** Opening Information provided block **

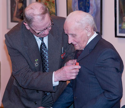 От имени ветеранов ВОВ Евгения Константиновича поздравил председатель Совета ветеранов А.А. Черезов и вручил памятную медаль от Российского комитета ветеранов, войны и военной службы (на фото вверху в центре).
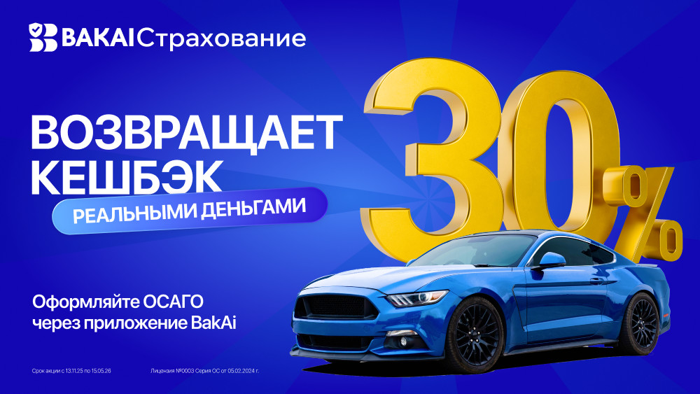 BAKAI Страхование вернули кешбэк! Оформите ОСАГО и получите кешбэк 30% реальными деньгами
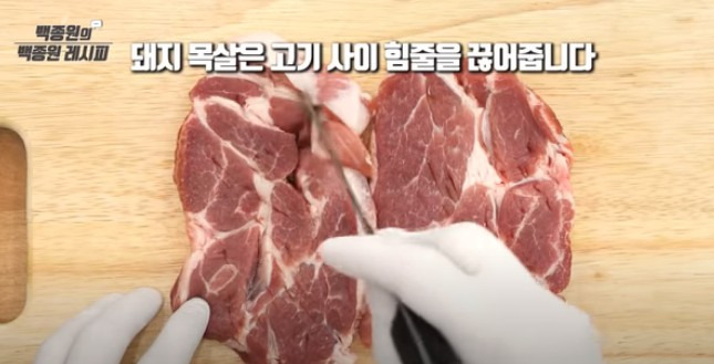 돼지목살을 준비할 때 고기 사이에 있는 힘줄을 잘라주세요. 이 작업은 고기가 익으면서 모양이 틀어지는 것을 방지하기 위함이에요. 또한 바깥쪽의 지방이나 힘줄을 잘라주면 돈까스를 만들 때도 유용합니다. 그 다음 돼지고기 목살에 소금과 후춧가루를 고루 뿌리고, 손으로 고기를 가볍게 두드려 밑간이 잘 배도록 해주세요.

** Closing Information provided block **

Task goal
Strip the images and return the remaining data exactly.

Response
 От имени ветеранов ВОВ Евгения Константиновича поздравил председатель Совета ветеранов А.А. Черезов и вручил памятную медаль от Российского комитета ветеранов, войны и военной службы (на фото вверху в центре).
 BAKAI Страхование вернули кешбэк! Оформите ОСАГО и получите кешбэк 30% реальными деньгами
 돼지목살을 준비할 때 고기 사이에 있는 힘줄을 잘라주세요. 이 작업은 고기가 익으면서 모양이 틀어지는 것을 방지하기 위함이에요. 또한 바깥쪽의 지방이나 힘줄을 잘라주면 돈까스를 만들 때도 유용합니다. 그 다음 돼지고기 목살에 소금과 후춧가루를 고루 뿌리고, 손으로 고기를 가볍게 두드려 밑간이 잘 배도록 해주세요.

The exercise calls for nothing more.